Dioxins are among the most hazardous environmental pollutants and food. They are by-products of the production of plastics, pesticides, paper. Dioxins are carcinogenic, immunotoxic, very stable in the environment, therefore, fall into animal feed, accumulate in their fatty tissue, milk and get into fat-containing products - oils, fats, meat, and milk. Particularly heavily contaminated with dioxins seafood because they are biological filters habitats, passed through a contaminated water. Common symptoms of prolonged exposure to dioxins are a wide variety of skin manifestations and neurological disorders, reproductive disorders. Can occur and symptoms - persistent heterogeneous rash, nervous conduction, the cause of which is very difficult to establish

Heavy metals

Heavy metals are widely distributed in nature and are continually being found in food. Most heavy metals are essential nutrients, and potentially dangerous to the health, ie toxic include cadmium, mercury, lead and tin. For all foods set limit values ​​for heavy metals, and the appropriate authorities verify compliance. The presence of each metal in food is controlled by chemical analysis, and in the human body - maximum residue limits. Food contamination with heavy metals is due to industrial emissions and urban transport.

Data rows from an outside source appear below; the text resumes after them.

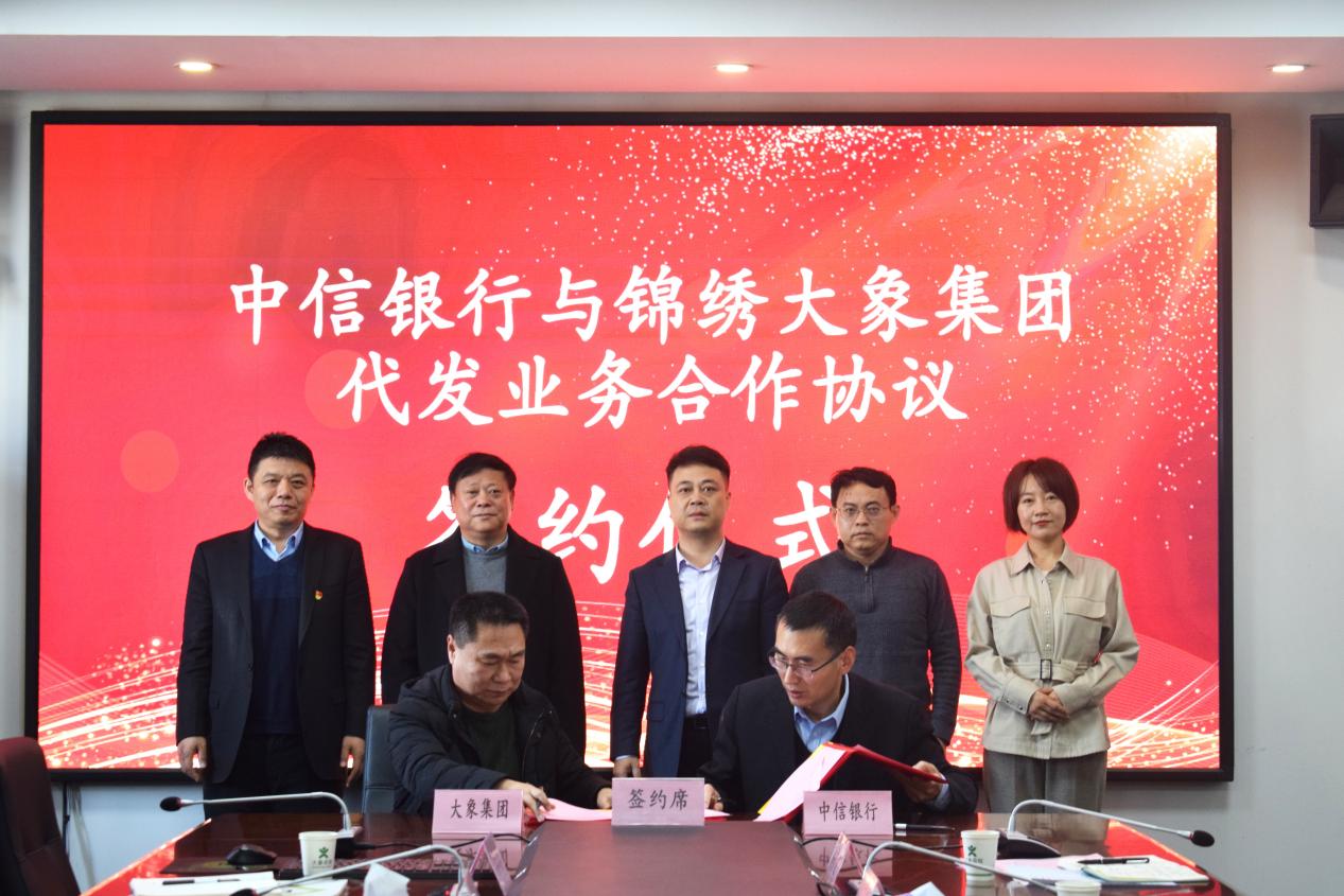 1月12日,中信銀行太原分行曹謙副行長(zhǎng)一行來(lái)到山西錦繡大象農(nóng)牧股份有限公司考察指導(dǎo),開(kāi)展業(yè)務(wù)洽談,出席雙方黨建聯(lián)建、代發(fā)業(yè)務(wù)簽約等活動(dòng)并進(jìn)行了親切友好的座談。
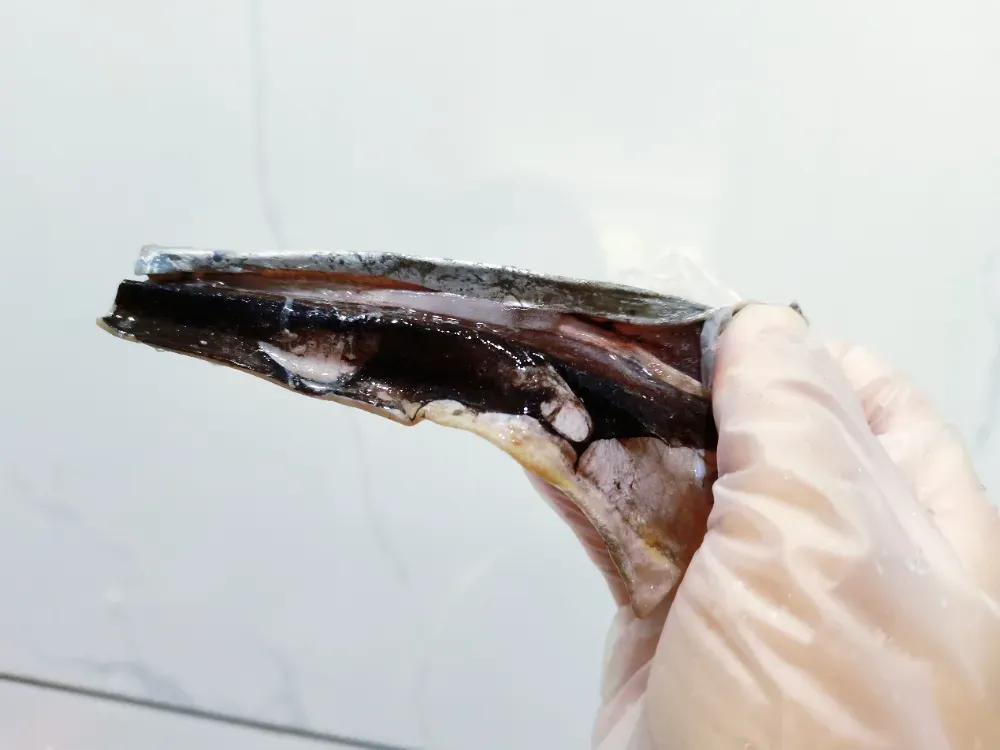 其次,撕掉腹腔内的黑膜,这也是腥味的主要来源。
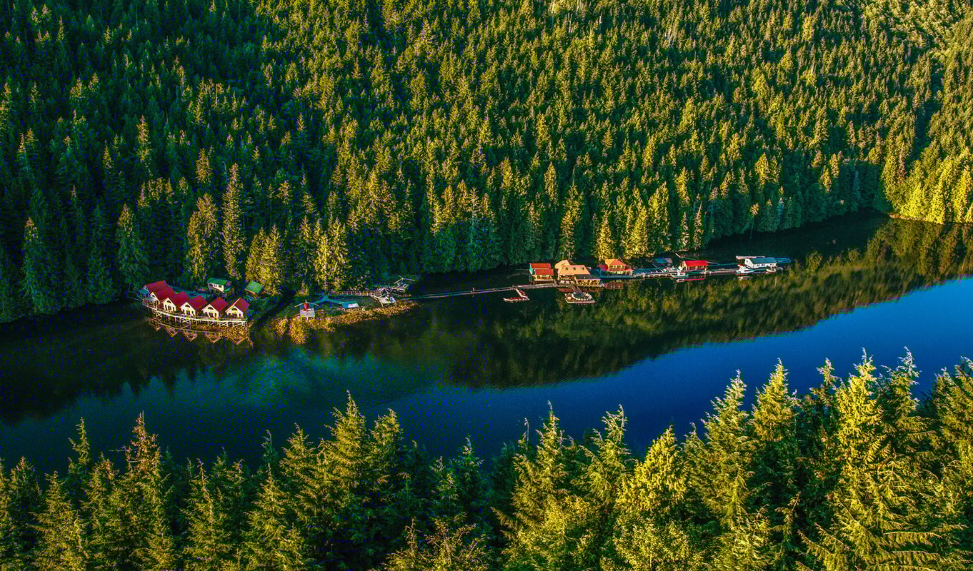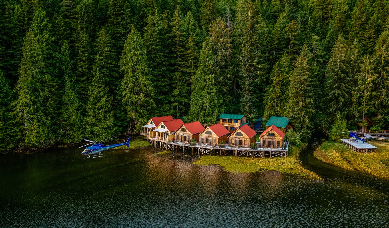 The remote Nimmo Bay can be found floating peacefully on the waters of the mesmerising Great Bear Rainforest on the coast of British Columbia. Accessible only by air or water (there are no roads in the area), this is a real escape to the wilderness where getting there is only part of the adventure. From Vancouver International Airport, it’s a one hour flight to Port Hardy from where it’s just a short 20 minute hop, on board either a helicopter or float plane.

Regular use of products with a high content of heavy metals will inevitably lead to disruption of many body systems (cardiovascular, respiratory, digestive, excretory, etc.), but for the majority of heavy metals there is no "specific" symptoms of poisoning and destruction of the body, making it difficult to identify the causes disease, and therefore the treatment. By handling food stuff - thorough washing, cleaning products, separation of low-value parts can be removed from 20 to 40% of heavy metals. Poisoning by toxic heavy metals - mercury, lead, tin, as a rule, is only possible in hazardous environments.